» WHAT THE EXERCISE ASKS: Copy the listing below in full and skip every picture.

» STORED DATA:
--- START ---
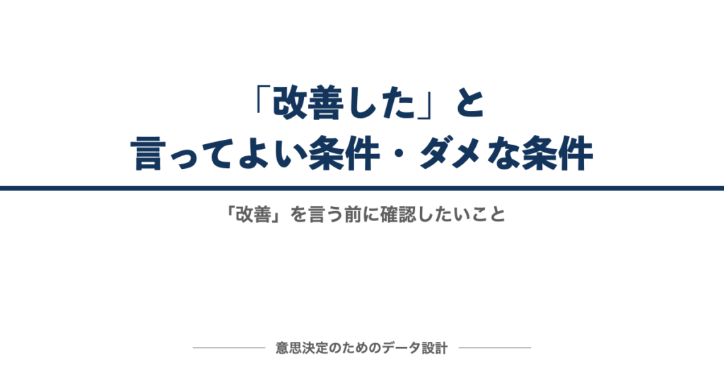 前後比較の数字だけで「改善」と言い切ると、後から説明に困ります。比較の前提と判定基準を踏まえ、言ってよい条件/ダメな条件の線引きを整理します。
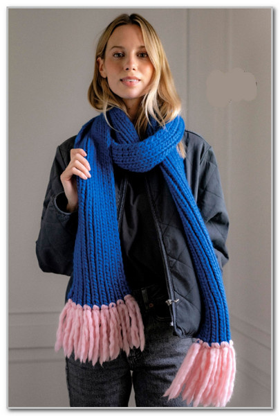 Перевод из журнала "Stickat & Sant" № 1, 2026 г. Ярко-синий и матово-розовый — это действительно красивые дополняюшие друг друга цвета. Классический шарф, в резинку, с уютными кисточками, вяжется очень быстро на спицах 9 мм.
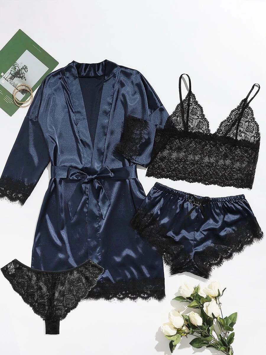 Shein 4pack Floral Lace Lingerie Set With Satin Belted Robe
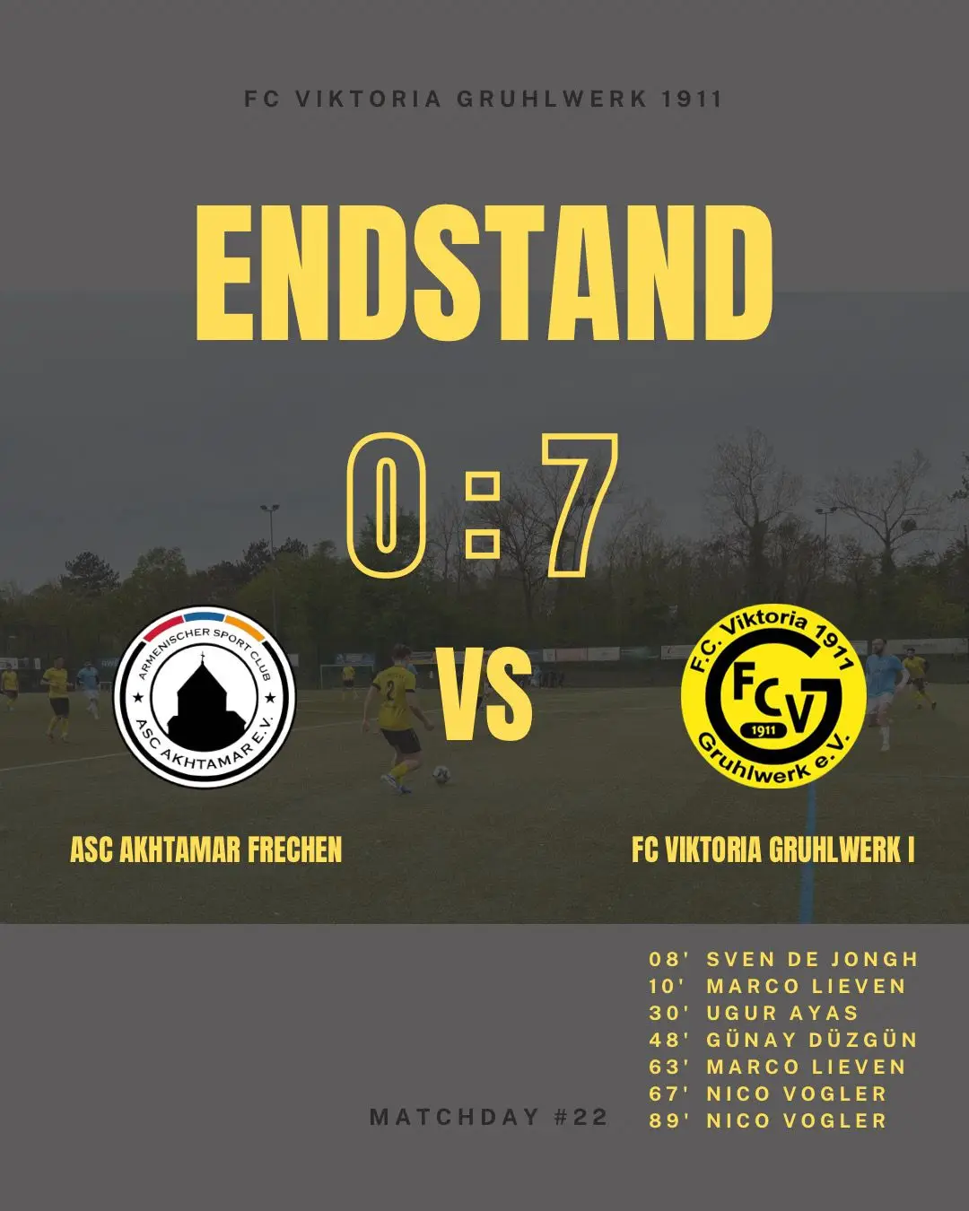 ⚽️SPIELBERICHT #22⚽️ 🥅 ASC Akhtamar Frechen 🆚 FC Viktoria Gruhlwerk I – 0:7 Ein unerwartet hoher Sieg gegen ASC Akhtamar Frechen! 🔥 Man muss sich schon die Augen reiben, was die Mannschaft Woche für Woche leistet.👀 Sie ist nicht zufrieden damit, nur zu gewinnen – sie will immer weiter
--- END ---
» ANSWER SECTION:
 前後比較の数字だけで「改善」と言い切ると、後から説明に困ります。比較の前提と判定基準を踏まえ、言ってよい条件/ダメな条件の線引きを整理します。
 Перевод из журнала "Stickat & Sant" № 1, 2026 г. Ярко-синий и матово-розовый — это действительно красивые дополняюшие друг друга цвета. Классический шарф, в резинку, с уютными кисточками, вяжется очень быстро на спицах 9 мм.
 Shein 4pack Floral Lace Lingerie Set With Satin Belted Robe
 ⚽️SPIELBERICHT #22⚽️ 🥅 ASC Akhtamar Frechen 🆚 FC Viktoria Gruhlwerk I – 0:7 Ein unerwartet hoher Sieg gegen ASC Akhtamar Frechen! 🔥 Man muss sich schon die Augen reiben, was die Mannschaft Woche für Woche leistet.👀 Sie ist nicht zufrieden damit, nur zu gewinnen – sie will immer weiter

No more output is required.